Subunit-specific redox modulation of nmda receptors expressed in xenopus oocytes

Abstract

We have examined the effects of oxidizing and reducing agents on a number of subtypes of N-methyl-D-aspartate (NMDA) receptors expressed in Xenopus oocytes. Oocytes were injected with cRNA for the ε1 subunit from mouse to express homomeric receptors or with ε1 in combination with either ε1, ε2, ε3 or ε4 subunits to express heteromeric receptors. All heteromeric combinations resulted in receptors that were affected by the redox reagents, dithiothreitol (DTT) and 5-5-dithio-bis-2-nitrobenzoic acid (DTNB).
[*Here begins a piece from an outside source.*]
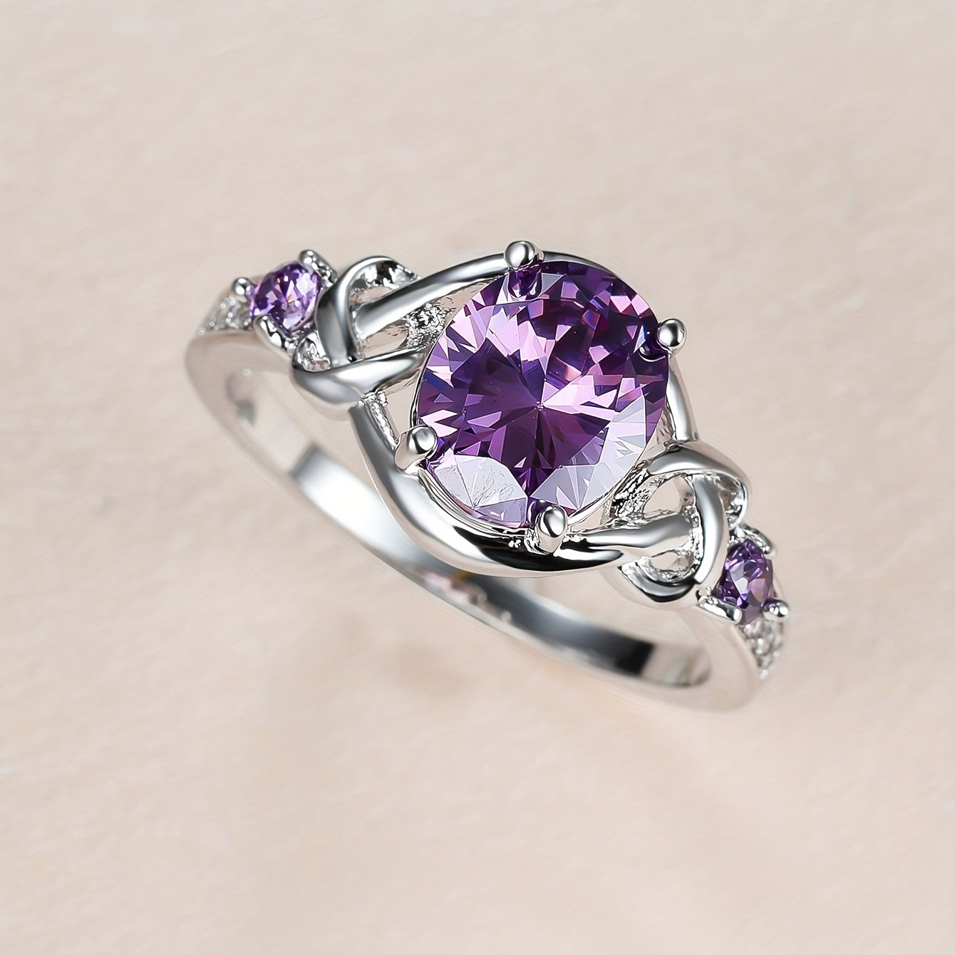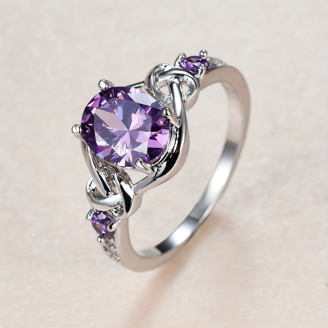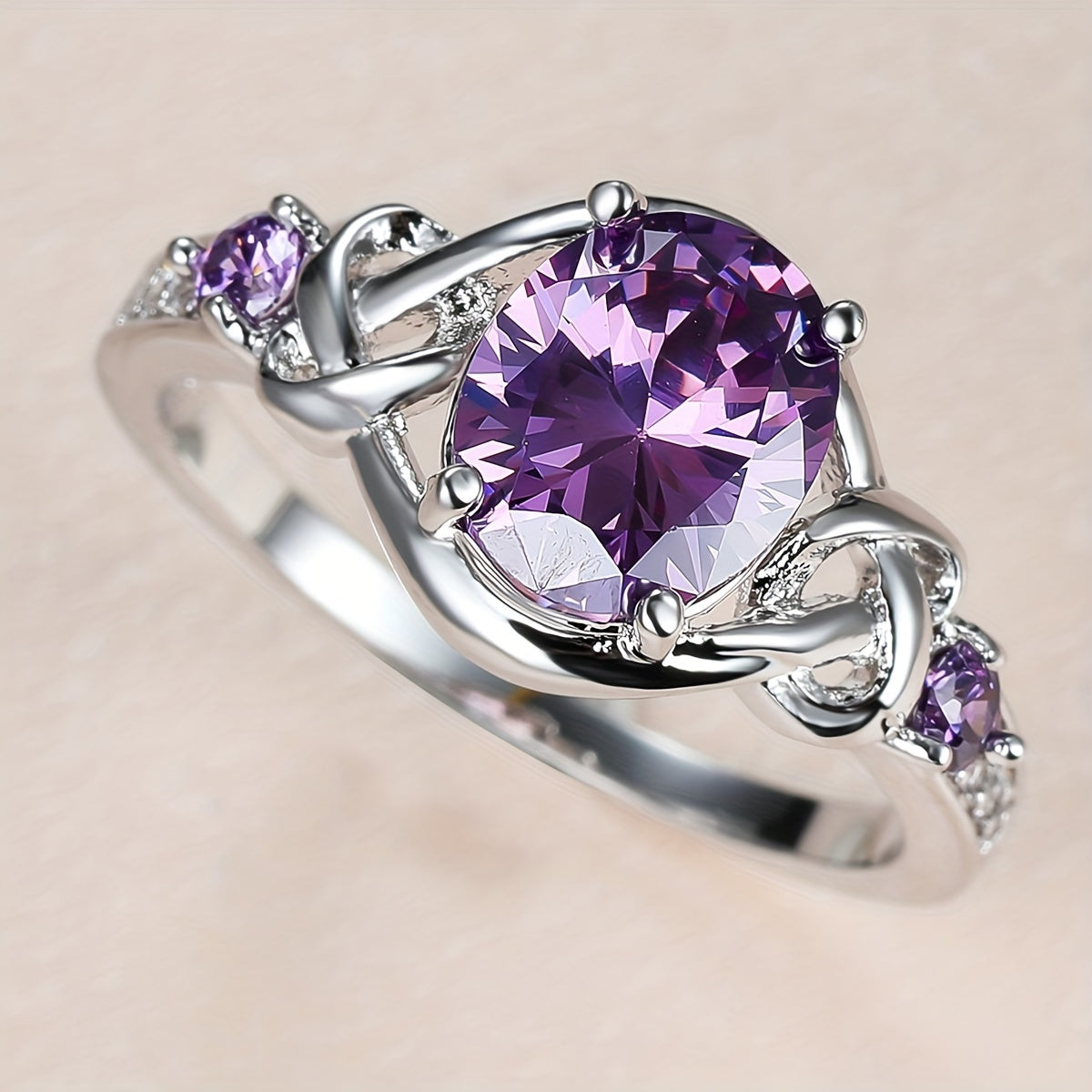 Elegant and alluring purple zirconia ring featuring a mysterious cross design, perfect for bridal marriage and engagement ceremonies.

However, the effects on the small currents from homomeric receptors were quite variable. The ε1/ε3 combination showed a greater enhancement by DTT than any of the other combinations. All four receptors expressed showed both a component of persistent potentiation and a slowly reversible component. The reversible component was largest for ε1/ε3. Additional experiments were done with S-nitrosocysteine (SNOC), a nitric oxide donor that may affect NMDA receptors by oxidation. SNOC had transient effects on the four heteromeric subunit combinations. The different sensitivities of particular subunit combinations may have pharmacological and clinical significance.